_WORK INSTRUCTIONS_.
All of the listing below must be repeated word for word. Pictures are the only thing to omit.

_DATA BELOW_.
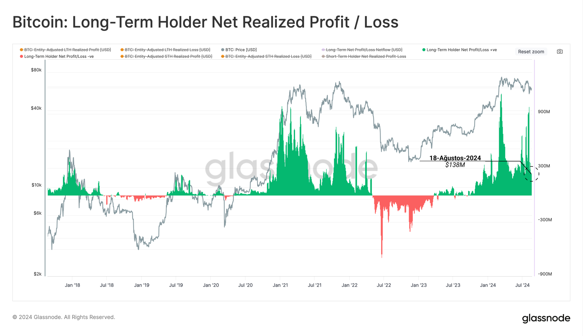 Bu nedenle, Uzun Vadeli Yatırımcıların günlük yaklaşık 138 milyon $ satış baskısının, arzı emmek ve fiyatları sabit tutmak için gereken günlük sermaye girişlerini temsil ettiğini çıkarabiliriz. Piyasa koşulları dalgalı olmasına rağmen, son birkaç ayda fiyatlar genel olarak yatay seyretmektedir, bu da bir tür dengenin sağlandığını göstermektedir.
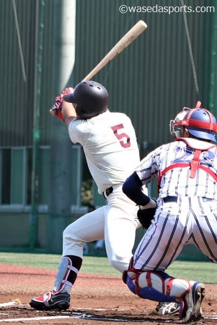 初回から早大打線が爆発した。7が中前打で出塁すると、7が内角ストレートを捉える。右中間を破る適時二塁打を放ち1点を先制した。そして加藤も右前打し、1死一、三塁。すると続く7の打席で相手投手が暴投。その間、一塁にいた加藤は二塁へ。ここで流れを止めるわけにはいかない。檜村は低めの変化球を左前へ運んだ。左翼手の敵失もあり、加藤までも本塁生還した。打線はまだまだつながる。7が左前打を、さらに7は右中間を破る二塁打を放つ。送球が乱れる間に一塁走者・蛭間も生還した。続く7の打席でまたしても相手投手の暴投があり、さらにもう1点。初回に6点を奪った。そして3回、再び好機が到来する。先頭の蛭間が右前打で出塁。次打者は倒れ中川卓に打順が回る。甘く入った初球のストレートを逃さなかった。打球はぐんぐんと伸び右中間へ。これが適時二塁打となり、7点目を追加した。4回以降は安打が出るも得点には結び付かず。スコアボードにゼロが並んだ。
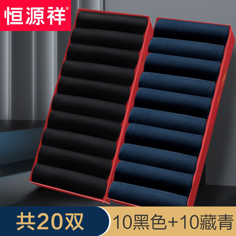 恒源祥袜子男士丝袜夏季冰丝超薄中筒吸汗透气男正装黑色短袜_697 均码 10双黑色+10双藏青(袋装)
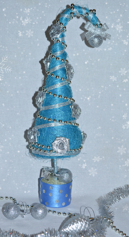 Елочка выполнена из сизаля, украшена розочками ручной работы.

_TASK ANSWER_.
 Bu nedenle, Uzun Vadeli Yatırımcıların günlük yaklaşık 138 milyon $ satış baskısının, arzı emmek ve fiyatları sabit tutmak için gereken günlük sermaye girişlerini temsil ettiğini çıkarabiliriz. Piyasa koşulları dalgalı olmasına rağmen, son birkaç ayda fiyatlar genel olarak yatay seyretmektedir, bu da bir tür dengenin sağlandığını göstermektedir.
 初回から早大打線が爆発した。7が中前打で出塁すると、7が内角ストレートを捉える。右中間を破る適時二塁打を放ち1点を先制した。そして加藤も右前打し、1死一、三塁。すると続く7の打席で相手投手が暴投。その間、一塁にいた加藤は二塁へ。ここで流れを止めるわけにはいかない。檜村は低めの変化球を左前へ運んだ。左翼手の敵失もあり、加藤までも本塁生還した。打線はまだまだつながる。7が左前打を、さらに7は右中間を破る二塁打を放つ。送球が乱れる間に一塁走者・蛭間も生還した。続く7の打席でまたしても相手投手の暴投があり、さらにもう1点。初回に6点を奪った。そして3回、再び好機が到来する。先頭の蛭間が右前打で出塁。次打者は倒れ中川卓に打順が回る。甘く入った初球のストレートを逃さなかった。打球はぐんぐんと伸び右中間へ。これが適時二塁打となり、7点目を追加した。4回以降は安打が出るも得点には結び付かず。スコアボードにゼロが並んだ。
 恒源祥袜子男士丝袜夏季冰丝超薄中筒吸汗透气男正装黑色短袜_697 均码 10双黑色+10双藏青(袋装)
 Елочка выполнена из сизаля, украшена розочками ручной работы.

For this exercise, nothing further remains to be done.